Start of Block

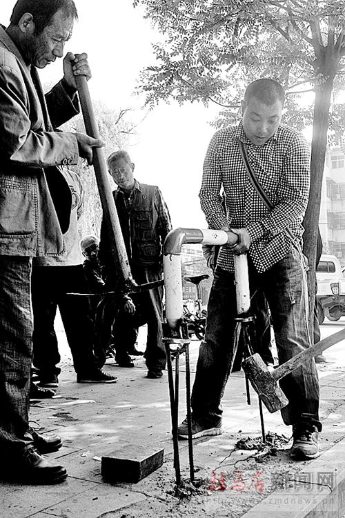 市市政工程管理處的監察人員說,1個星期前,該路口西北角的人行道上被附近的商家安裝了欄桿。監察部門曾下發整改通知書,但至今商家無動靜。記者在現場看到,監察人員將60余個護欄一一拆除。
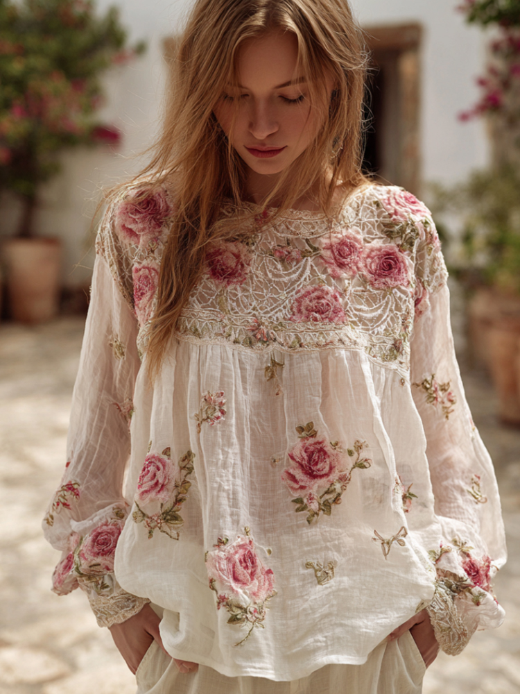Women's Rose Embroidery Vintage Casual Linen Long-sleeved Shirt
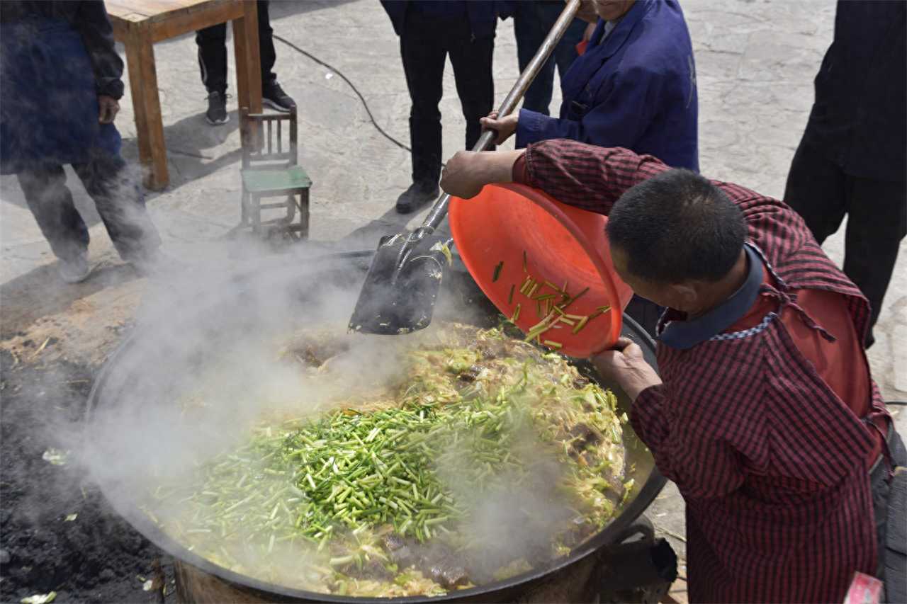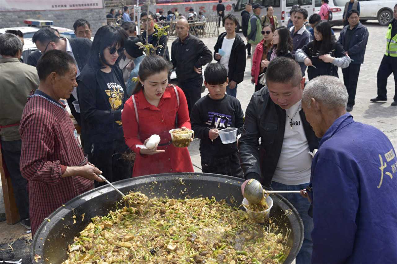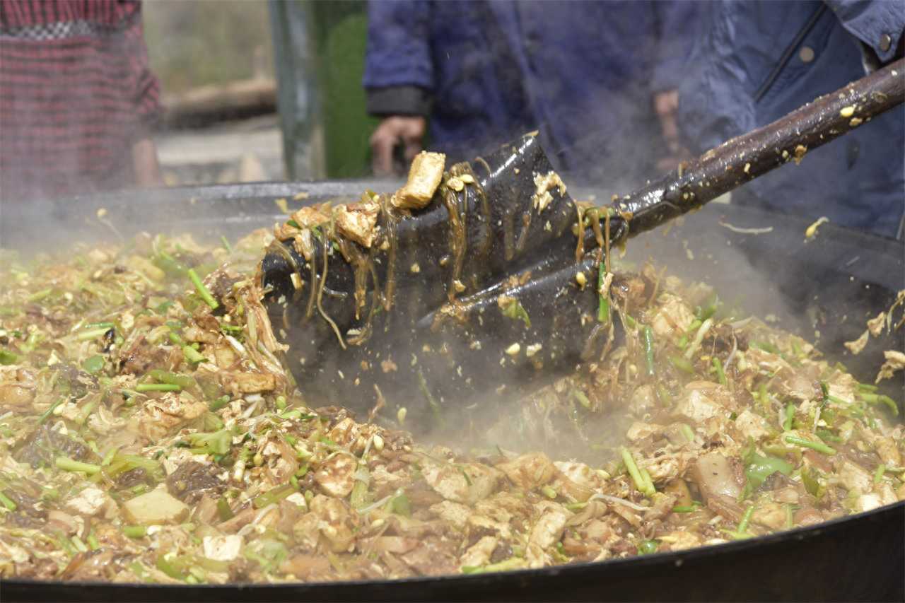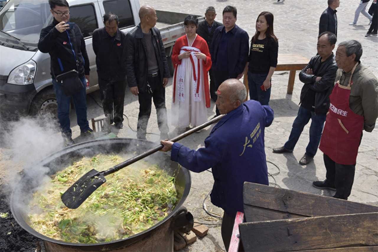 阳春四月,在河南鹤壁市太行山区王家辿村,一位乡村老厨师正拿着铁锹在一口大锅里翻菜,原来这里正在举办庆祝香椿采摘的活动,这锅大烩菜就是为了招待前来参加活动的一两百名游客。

End of Block

» Problem to solve
Print the listing again exactly as it appears, except for the pictures, which stay out.

» Finished task
 市市政工程管理處的監察人員說,1個星期前,該路口西北角的人行道上被附近的商家安裝了欄桿。監察部門曾下發整改通知書,但至今商家無動靜。記者在現場看到,監察人員將60余個護欄一一拆除。
Women's Rose Embroidery Vintage Casual Linen Long-sleeved Shirt
 阳春四月,在河南鹤壁市太行山区王家辿村,一位乡村老厨师正拿着铁锹在一口大锅里翻菜,原来这里正在举办庆祝香椿采摘的活动,这锅大烩菜就是为了招待前来参加活动的一两百名游客。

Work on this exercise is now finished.